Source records
^^^^^^^^^^^^^^^^

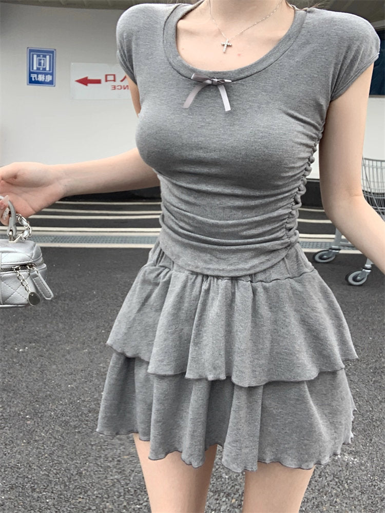 あざとかわいいグレーのリボンと2段ティアードワンピース_R0281
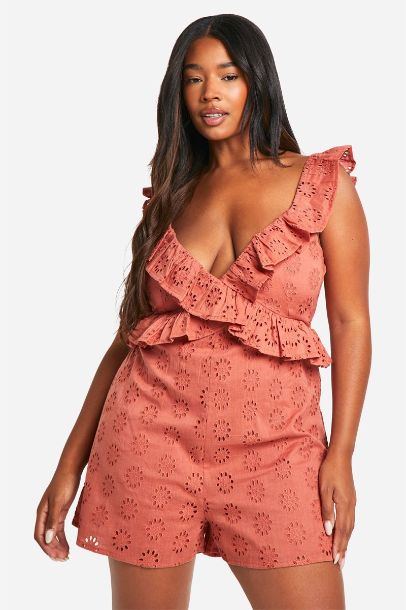 Tuta corta in sangallo - Rosso mattone
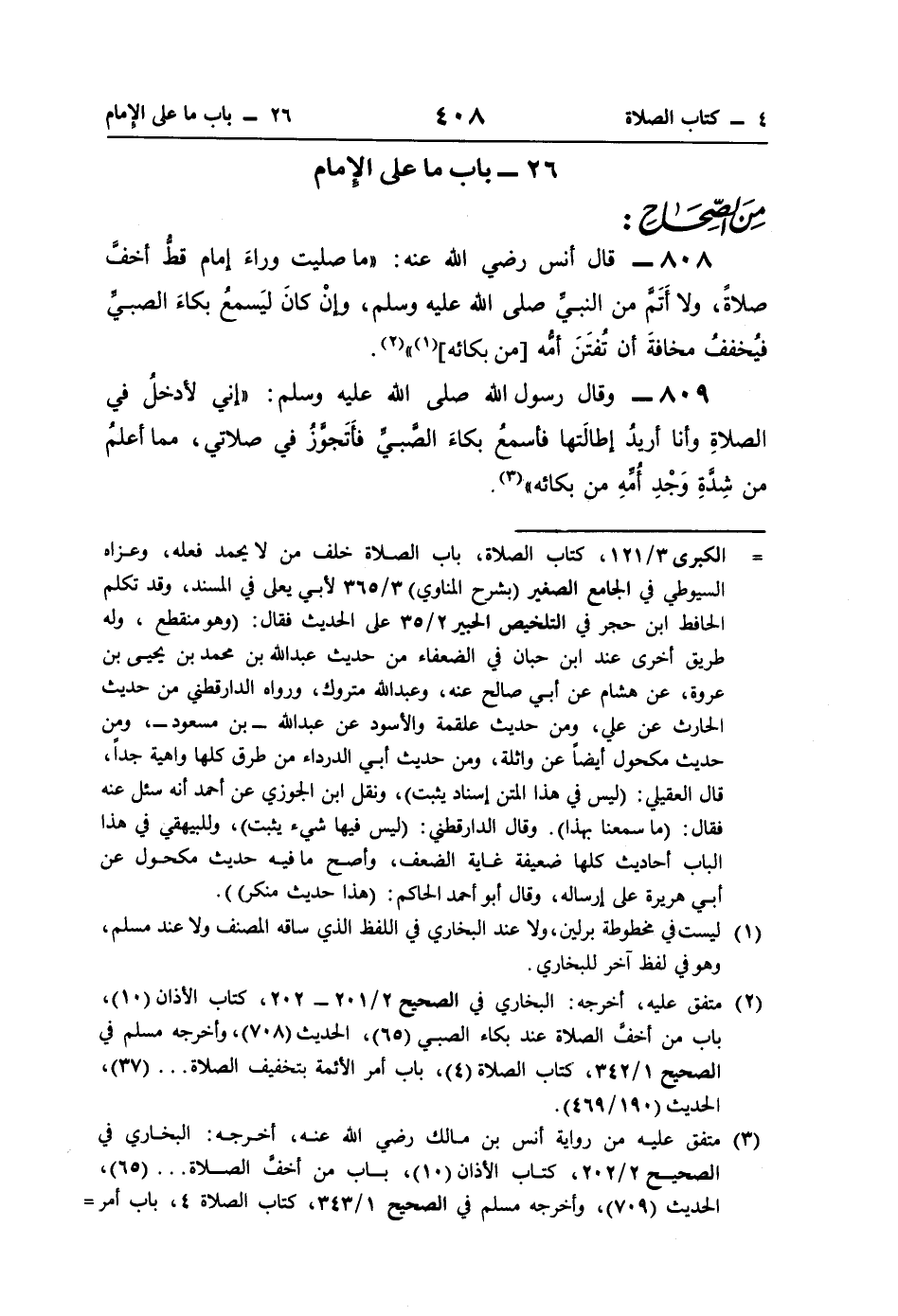 809 - وقال رسول اللَّه صلى اللَّه عليه وسلم: "إني لأدخلُ في الصلاةِ وأنا أريدُ إِطالَتها فأسمعُ بكاءَ الصَّبي فأَتَجوَّزُ في صلاتي، مما أعلمُ من شِدَّةِ وَجْدِ أُمِّهِ من بكائه" (¬3).
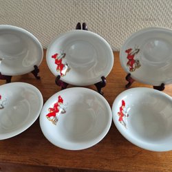 Sex stycken djupa tallrikar från serien Tomtejul, design Aina Stenberg.
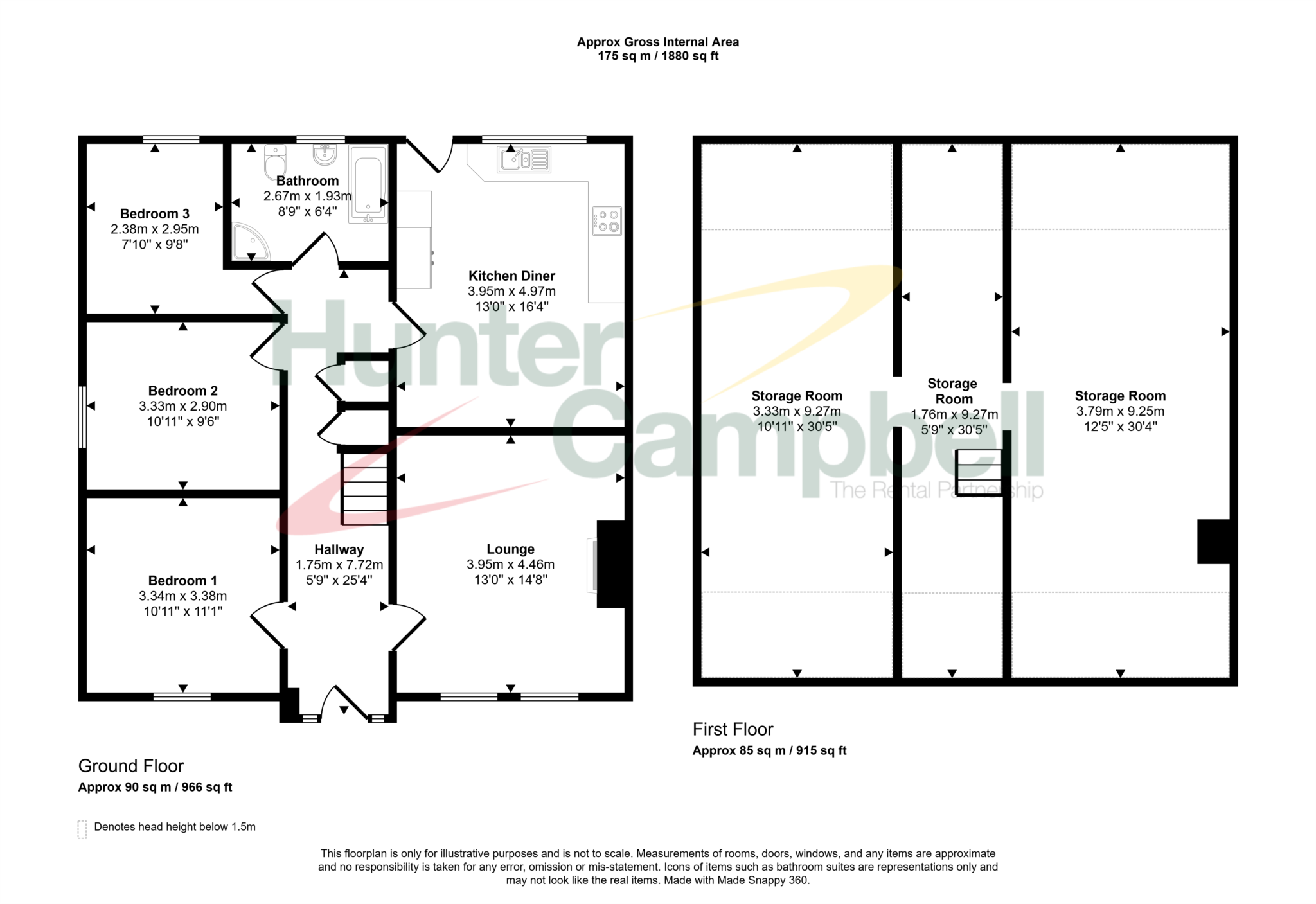 - Three bedrooms
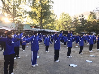 6時30分に起床した生徒たちは、栗の木広場に集合して「朝の集い」を行いました。
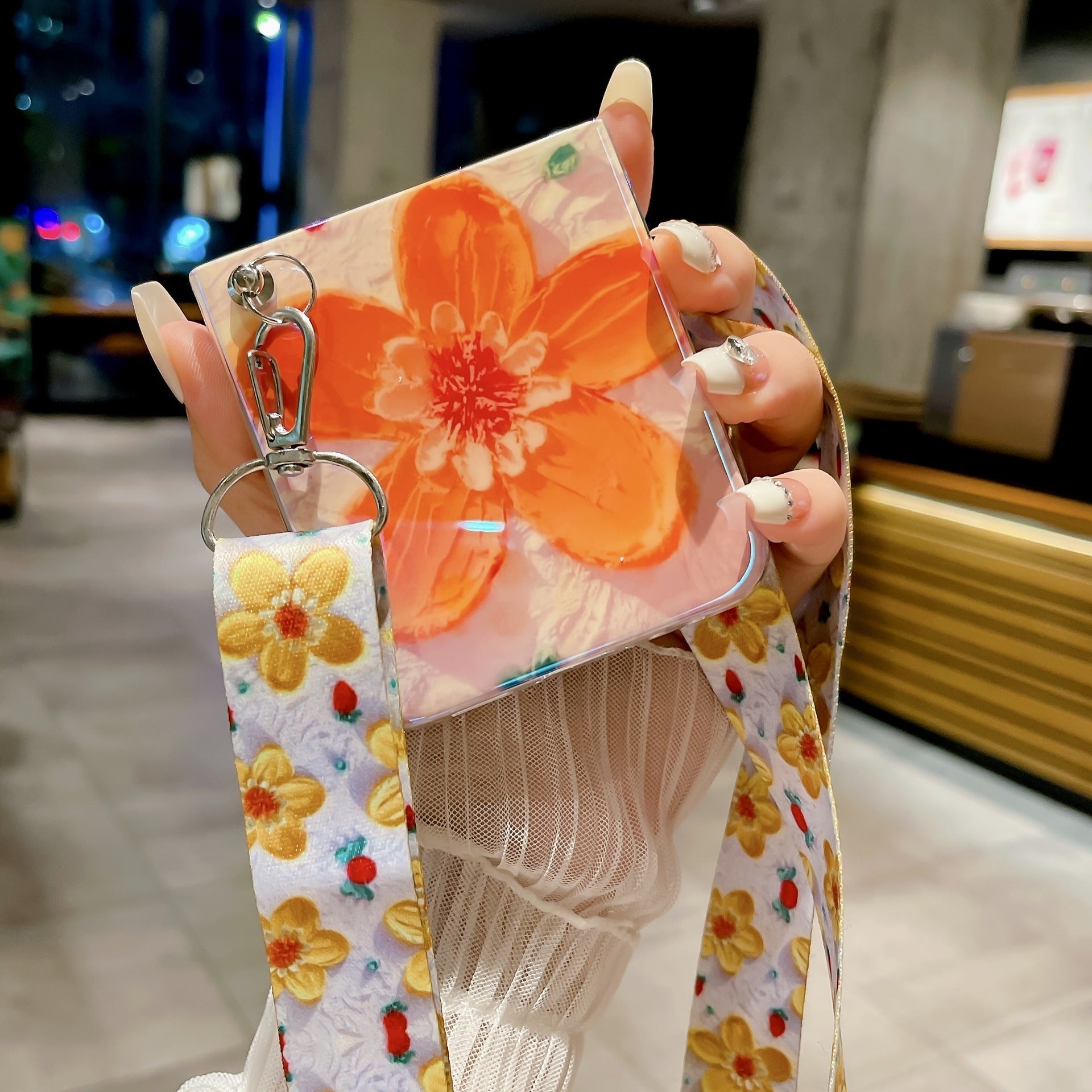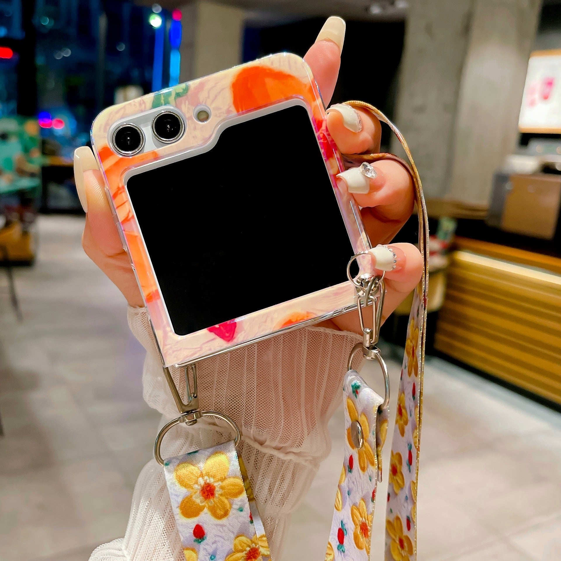 Blu-ray oil painting flowers crossbody phone case for samsung z flip series
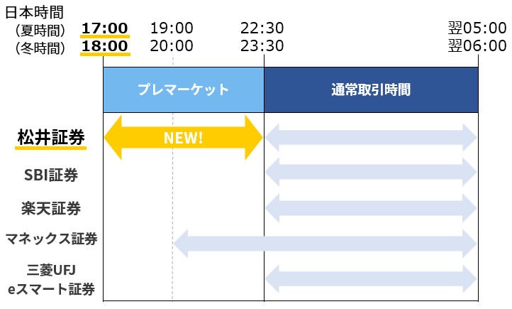 米国株市場の立会時間は、通常日本時間22:30~5:00(夏時間、冬時間は23:30〜6:00)となりますが、時間外取引であるプレマーケットを活用することで、立会時間前の日本時間17:00~22:30(夏時間、冬時間は18:00〜23:30)に取引ができるようになります。
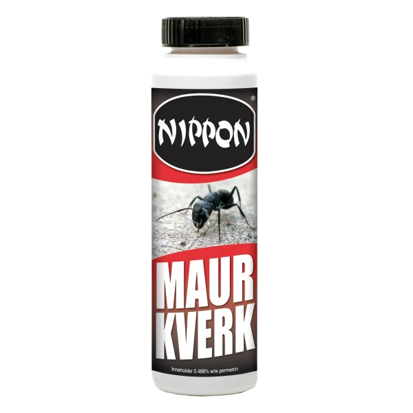 Nippon Maurkverk Effektiv mot maur, veps, kakerlakker, skrukketroll, biller, sølvkre o.l.Leveres i 150gr plast strøflaske Aktiv substans: Permetrin
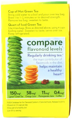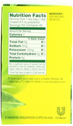 -. Binding : Grocery -. Brand : Lipton -. EAN : 0041000077210 -. Feature : Pure and simple and made from the finest tea leaves from around the world / Pack of six 40-count tea bag boxes (total 240 tea bags) / Contains 150 mg of flavonoids per 8 fluid ounce serving, is 100% natural, no preservatives or coloring / LIPTON® green tea is characterized by a delicate, clean taste, subtle aroma, and a beautiful pale green color / Enjoy this green tea hot or iced, and make it a part of your daily routine -. IsAdultProduct : 0 -. Label : Lipton -. Manufacturer : Lipton -. Model : 10041000077217 -. NumberOfItems : 6 -. PackageQuantity : 6 -. ProductGroup : Grocery -. ProductTypeName : GROCERY -. PublicationDate : 2010-10-13 -. Publisher : Lipton -. Studio : Lipton -. Title : Lipton Green Tea Bags, 40 ct (Pack of 6) -. UPC : 041000077210

^^^^^^^^^^^^^^^^

Return the data word for word without its pictures.

 あざとかわいいグレーのリボンと2段ティアードワンピース_R0281
 Tuta corta in sangallo - Rosso mattone
 809 - وقال رسول اللَّه صلى اللَّه عليه وسلم: "إني لأدخلُ في الصلاةِ وأنا أريدُ إِطالَتها فأسمعُ بكاءَ الصَّبي فأَتَجوَّزُ في صلاتي، مما أعلمُ من شِدَّةِ وَجْدِ أُمِّهِ من بكائه" (¬3).
 Sex stycken djupa tallrikar från serien Tomtejul, design Aina Stenberg.
 - Three bedrooms
 6時30分に起床した生徒たちは、栗の木広場に集合して「朝の集い」を行いました。
 Blu-ray oil painting flowers crossbody phone case for samsung z flip series
 米国株市場の立会時間は、通常日本時間22:30~5:00(夏時間、冬時間は23:30〜6:00)となりますが、時間外取引であるプレマーケットを活用することで、立会時間前の日本時間17:00~22:30(夏時間、冬時間は18:00〜23:30)に取引ができるようになります。
 Nippon Maurkverk Effektiv mot maur, veps, kakerlakker, skrukketroll, biller, sølvkre o.l.Leveres i 150gr plast strøflaske Aktiv substans: Permetrin
 -. Binding : Grocery -. Brand : Lipton -. EAN : 0041000077210 -. Feature : Pure and simple and made from the finest tea leaves from around the world / Pack of six 40-count tea bag boxes (total 240 tea bags) / Contains 150 mg of flavonoids per 8 fluid ounce serving, is 100% natural, no preservatives or coloring / LIPTON® green tea is characterized by a delicate, clean taste, subtle aroma, and a beautiful pale green color / Enjoy this green tea hot or iced, and make it a part of your daily routine -. IsAdultProduct : 0 -. Label : Lipton -. Manufacturer : Lipton -. Model : 10041000077217 -. NumberOfItems : 6 -. PackageQuantity : 6 -. ProductGroup : Grocery -. ProductTypeName : GROCERY -. PublicationDate : 2010-10-13 -. Publisher : Lipton -. Studio : Lipton -. Title : Lipton Green Tea Bags, 40 ct (Pack of 6) -. UPC : 041000077210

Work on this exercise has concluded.